If you’re like me, you’ve had a set of very specific prospect-related injury questions for a while now, and it can be really difficult to get answers in-season on that stuff. And in a year when so many of the Cubs’ top prospects who could have been at the higher levels missed virtually the full season, it feels all the more important to understand what the heck happened. So up top, I want to give big shouts to Gordon Wittenmyer for finding out so much.
Here’s what you want to read at NBCSC for the full context and color on four of the Cubs prospects dealing with injury issues this year. It’s a deeper dive than I’ll hit here, because, hey, you should go read Wittenmyer’s piece. It’s not like it’s *good* news stuff, but it’s important information.
Among the prospects whose situations are illuminated …
⇒ Pitching prospect Brailyn Marquez, who was the clear top pitching prospect in the system before the last two years saw him pitch basically not at all, is at least throwing bullpens again. We knew he’d missed the start of the season with COVID, then a shoulder strain, and then a setback in his ramp up. But the Cubs say they’ve simply been taking it extremely slow and cautious with Marquez, who has no structural issues with the shoulder. There’s a chance he could pitch in the Arizona Fall League and/or in the Dominican Winter League, but it sounds like the focus is more about putting him in a position to have a normal (but conservative) ramp-up process next Spring Training. What Marquez can be next year for the Cubs is completely up in the air, ranging from as low as “the lost two years and more injury issues totally scuttled things” to as high as “wow, he is completely back and is dominating at Triple-A and is probably going to contribute in MLB in the second half!”
⇒ Catching prospect Miguel Amaya, also a clear top prospect in the system until the forearm injury this year, is still rehabbing in Arizona. This wasn’t a surgery situation, so that’s good, but it’s not clear whether he’ll be able to get some at bats in winter ball. Given the desire to have him on the big league radar for next year (he’s already on the 40-man, and the Cubs would love to be able to bring him up at least periodically to catch when needed), you really would’ve wanted to see him break out this year at Double-A. Alas, he just didn’t get in the games (and when he did, the power wasn’t there yet). Where that leaves his standing in the organization – future Willson Contreras partner? Successor? Up-down guy? – is, like Marquez, totally up in the air.
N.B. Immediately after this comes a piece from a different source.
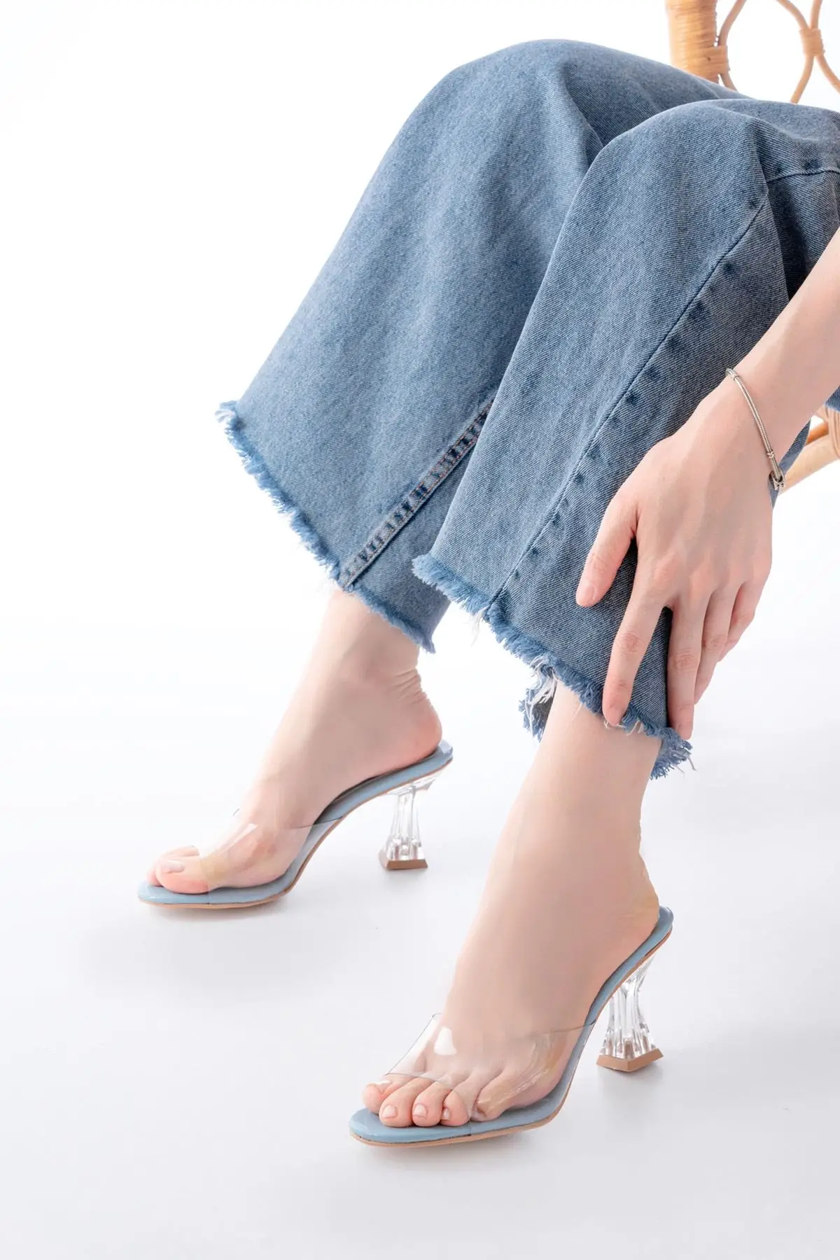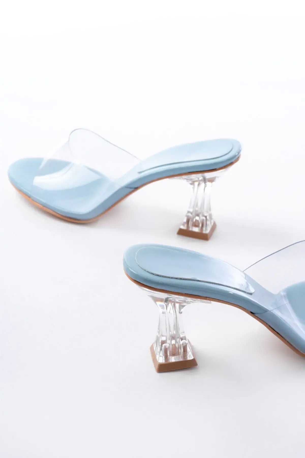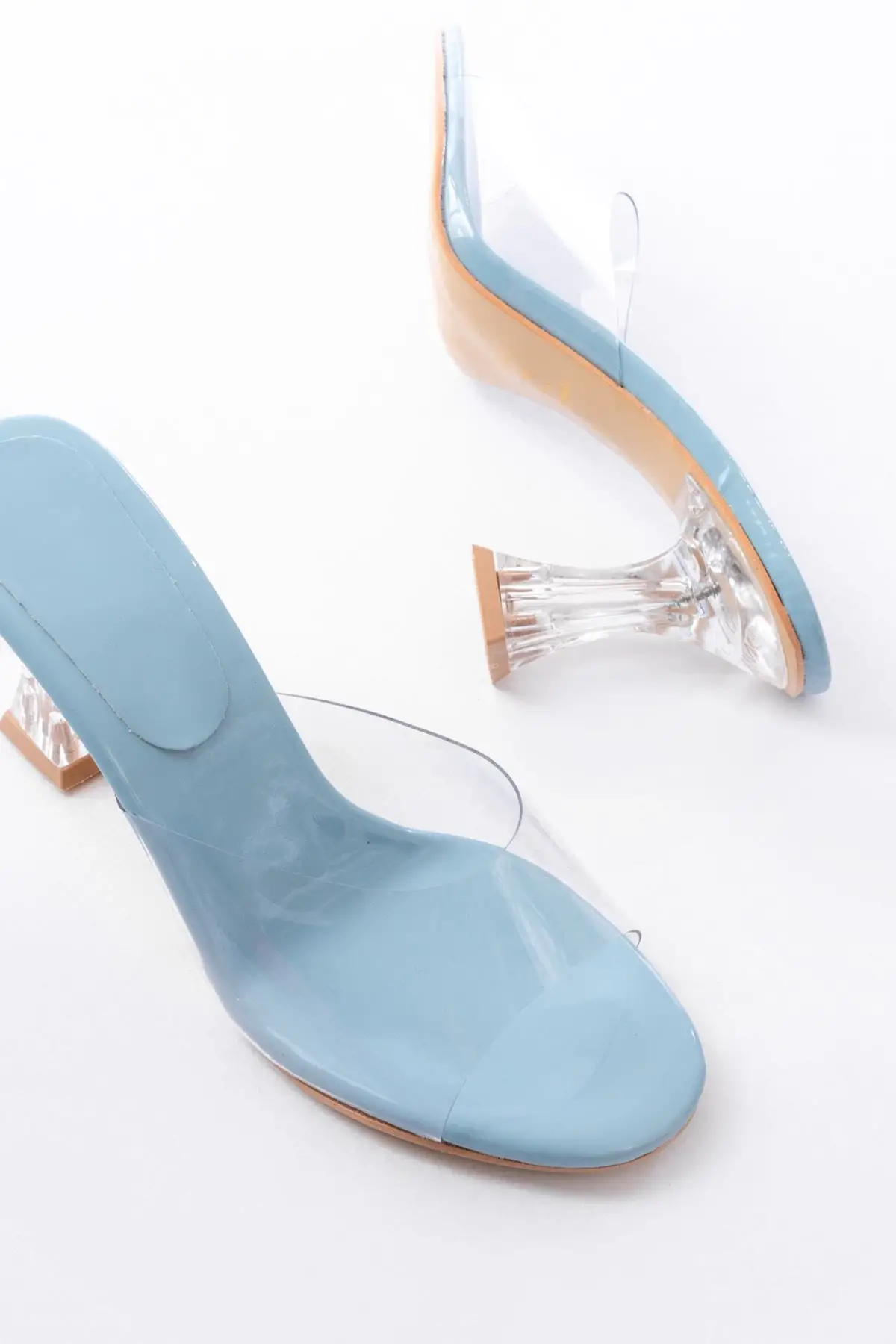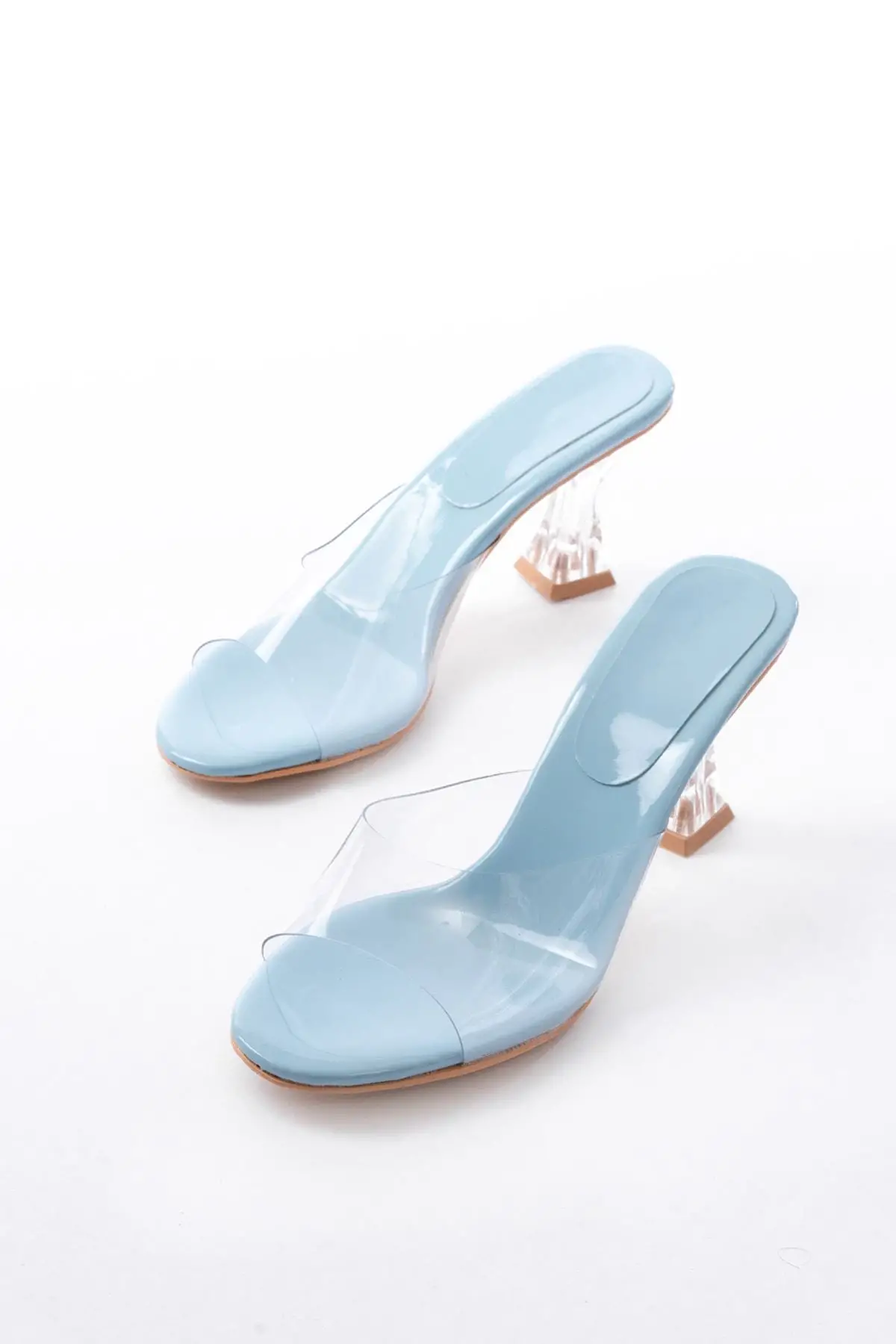 S-619 Bebe Mavi Rugan Şeffaf Bantlı Şeffaf Topuklu Yuvarlak Burunlu Kadın Terlik

⇒ Righty Kohl Franklin was looking like a steal for the Cubs out of the 6th round in 2018, but you had the pandemic season taking away a minor league year, and then a shoulder strain giving him problems all year. It’s really similar to Marquez’s situation, in terms of the injury, the time lost, and what otherwise would’ve been an opportunity to emerge as a top arm at Double-A or Triple-A. Franklin was getting that kind of buzz before the season. Again, no structural issues, but you still hate to see any missed developmental time. There’s a chance he could get in some competitive innings in the Arizona Fall League, but at this point, he might also be a guy where your focus is just to see him in a really good spot by Spring Training. With a pitcher like him, at least he can do a lot of the work on his own, and could theoretically kick off next season at an elevated level if he’s been developing behind the scenes in ways that don’t require in-game at bats (not unlike the way we saw Max Bain and Cam Sanders really fly this year).
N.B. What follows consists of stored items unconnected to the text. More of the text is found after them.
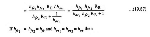 Hemos visto que 1/hoe podría eliminarse en la mayoría de los casos porque la impedancia de carga zl << 1/hoe. Para el circuito amplificador de Darlington, la impedancia de entrada Zin2 está lo suficientemente cerca en magnitud a 1/hoe para requerir considerar los efectos de HOE1.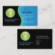This green, blue and black business card features a light bulb with leaves in the centre. This design represents an Eco friendly business.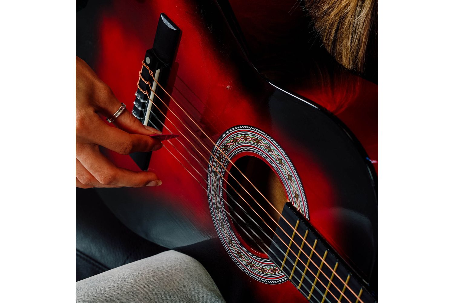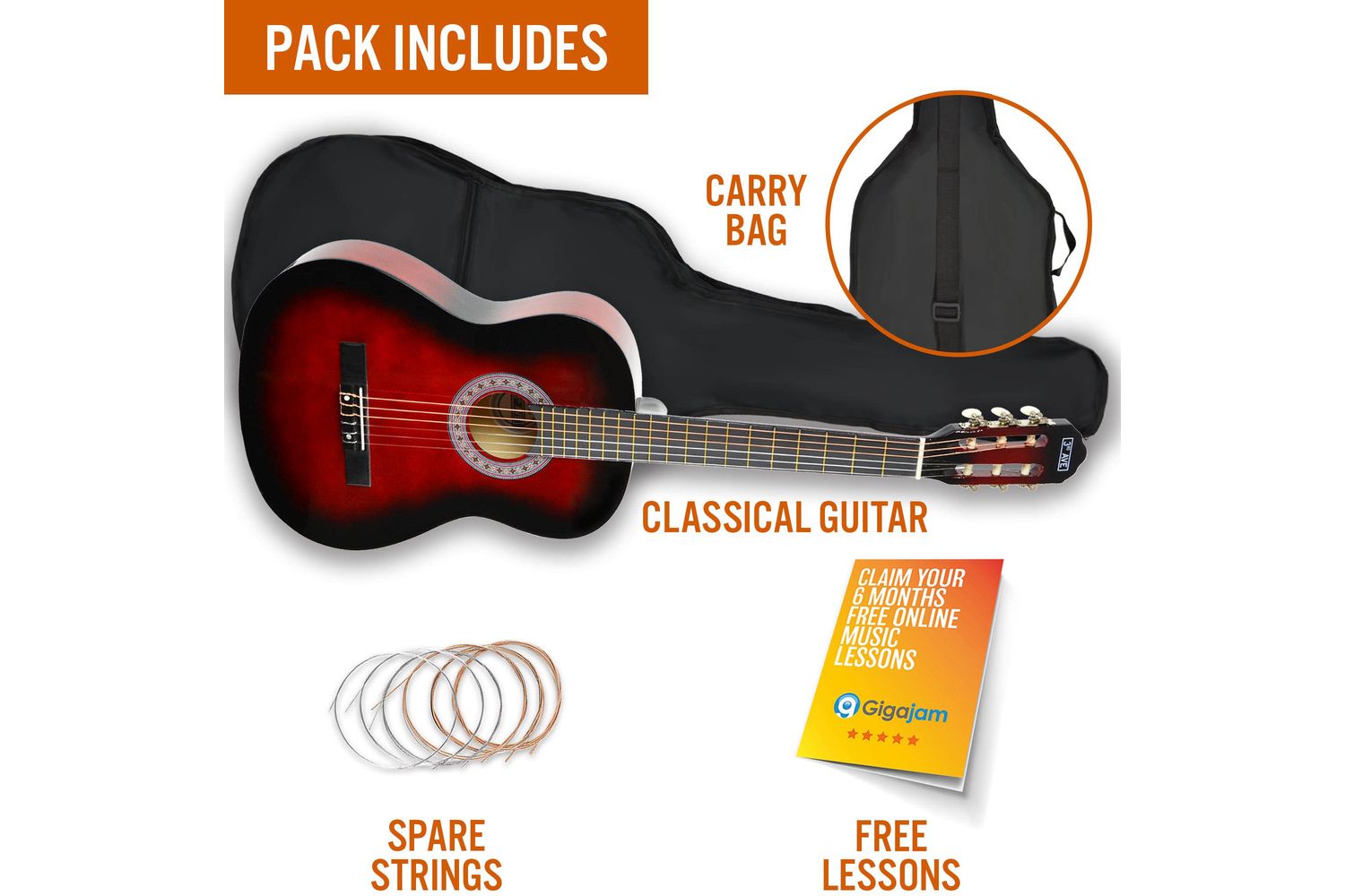 Kickstart your musical journey with the 3rd Avenue 34 Size Classical Guitar Pack in a striking Redburst finish. A fantastic choice for beginners, this 3rd Avenue bundle features everything you need to start strumming immediately, offering not just a handcrafted classical Spanish guitar but also essential accessories such as a lightweight carry bag and set of spare nylon strings.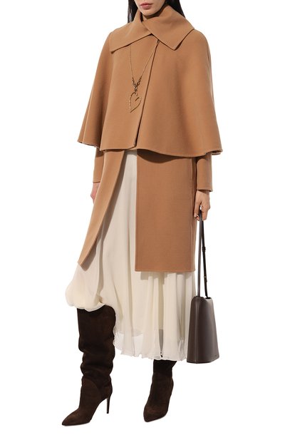 Сапоги Gaia с зауженным мысом и шпилькой средней высоты выполнили из замши. Благодаря широкому фигурному голенищу пара не нуждается в застежке.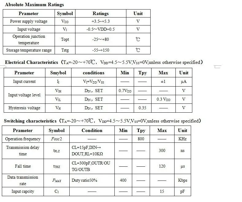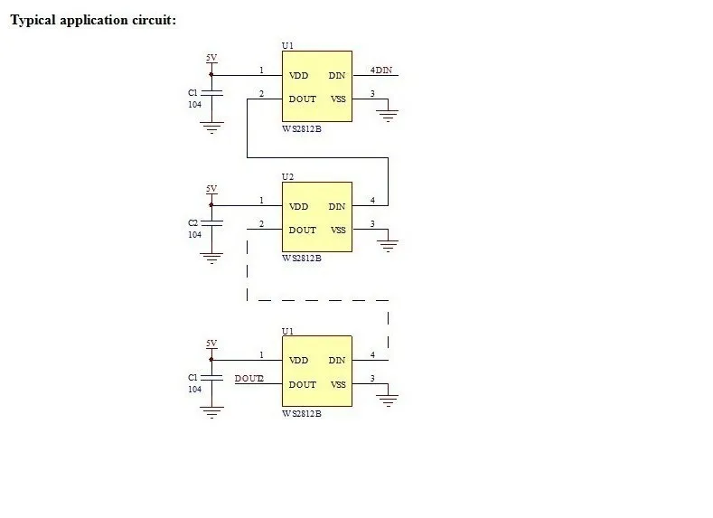 Протокол передачи данных использует один режим связи NZR. После сброса питания пикселя порт DIN получает данные от контроллера, первый пиксель собирает исходные данные 24 бит, затем отправляется во внутреннюю защелку данных, другие данные, которые изменяются с помощью внутренней схемы усиления сигнала, отправляются на следующий пиксельный каскад через порт DO. После передачи для каждого пикселя? Сигнал для уменьшения 24 бит. Pixel принимает технологию автоматической передачи resha-ping, что делает количество пикселя каскадом не ограничено передачей сигнала, зависит только от скорости передачи сигнала.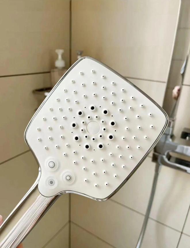 花洒出水口被水垢堵住了,可以用柠檬酸或者白醋泡一泡,再拿个针或牙线戳一戳出水口,水流又变大了。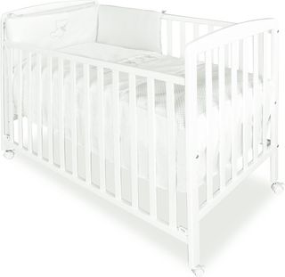 Culla bianca per neonato con un design moderno e decorata con stelle. - Dimensioni: 60 x 120 cm. - Struttura in legno bianco. - Ruote per facilitare il movimento.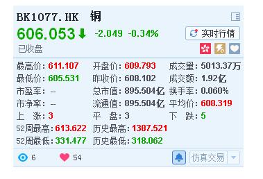 今日,港股市場上的銅板塊收報606.053,跌0.34%。個股方面,洛陽鉬業(03993)、中國有色礦業(01258)、及紫金礦業(02899)漲幅居前,分別漲4.76%、4.17%、1.43%,而五礦資源(01208)下跌3.73%,跌幅居前,此外,網智金控(00985)也跌1.67%,哈薩克礦業(00847)跌1.53%。

⇒ Outfielder Pete Crow-Armstrong may have been the biggest name prospect the Cubs acquired at the deadline (for Javy Báez, Trevor Williams, and cash (thanks, Mets!)), but the Cubs knew he wasn’t going to return this year after early-season surgery to repair the labrum in his non-throwing shoulder. You always wonder in a situation like that what impact the recovery will have on a guy’s hitting ability – especially a guy for whom there were already power questions – but at least PCA is still so young. He’s not yet swinging, and he might not until a minor league mini-camp after the flip of the calendar. The focus, instead, is still on that rehab and conditioning and strengthening. Winter ball at bats are presented as possible, but I think the tea leaves suggest that won’t happen. Not unlike the other three, you just want to see him in a place to have a normal Spring Training ramp-up, and then he can head on out for a full season at High-A if he’s looking really good.